- _Data to examine_:
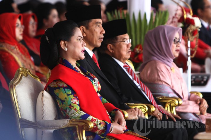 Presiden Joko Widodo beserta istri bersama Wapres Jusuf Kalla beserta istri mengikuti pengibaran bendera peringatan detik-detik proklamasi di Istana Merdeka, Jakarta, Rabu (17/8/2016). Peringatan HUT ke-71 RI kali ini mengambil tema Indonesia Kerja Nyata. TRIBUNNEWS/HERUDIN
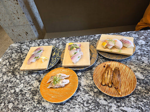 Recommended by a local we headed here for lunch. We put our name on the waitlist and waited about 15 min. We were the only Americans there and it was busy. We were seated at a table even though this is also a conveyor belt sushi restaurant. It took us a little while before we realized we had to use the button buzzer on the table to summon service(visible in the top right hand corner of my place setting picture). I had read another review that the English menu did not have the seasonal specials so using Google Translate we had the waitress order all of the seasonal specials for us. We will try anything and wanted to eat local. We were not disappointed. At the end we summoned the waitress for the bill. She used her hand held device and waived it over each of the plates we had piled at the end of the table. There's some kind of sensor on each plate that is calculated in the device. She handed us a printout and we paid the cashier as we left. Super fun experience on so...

--

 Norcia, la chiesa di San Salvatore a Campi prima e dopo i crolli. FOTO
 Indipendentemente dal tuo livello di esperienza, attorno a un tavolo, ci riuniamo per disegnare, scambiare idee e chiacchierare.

- _Task to carry out_: Pictures are to be left out. Write out only the lines above starting at the one with "Presiden Joko Widodo" and ending at the one with "Recommended by a", both lines included, exactly.

- _Task solution_:
 Presiden Joko Widodo beserta istri bersama Wapres Jusuf Kalla beserta istri mengikuti pengibaran bendera peringatan detik-detik proklamasi di Istana Merdeka, Jakarta, Rabu (17/8/2016). Peringatan HUT ke-71 RI kali ini mengambil tema Indonesia Kerja Nyata. TRIBUNNEWS/HERUDIN
 Recommended by a local we headed here for lunch. We put our name on the waitlist and waited about 15 min. We were the only Americans there and it was busy. We were seated at a table even though this is also a conveyor belt sushi restaurant. It took us a little while before we realized we had to use the button buzzer on the table to summon service(visible in the top right hand corner of my place setting picture). I had read another review that the English menu did not have the seasonal specials so using Google Translate we had the waitress order all of the seasonal specials for us. We will try anything and wanted to eat local. We were not disappointed. At the end we summoned the waitress for the bill. She used her hand held device and waived it over each of the plates we had piled at the end of the table. There's some kind of sensor on each plate that is calculated in the device. She handed us a printout and we paid the cashier as we left. Super fun experience on so...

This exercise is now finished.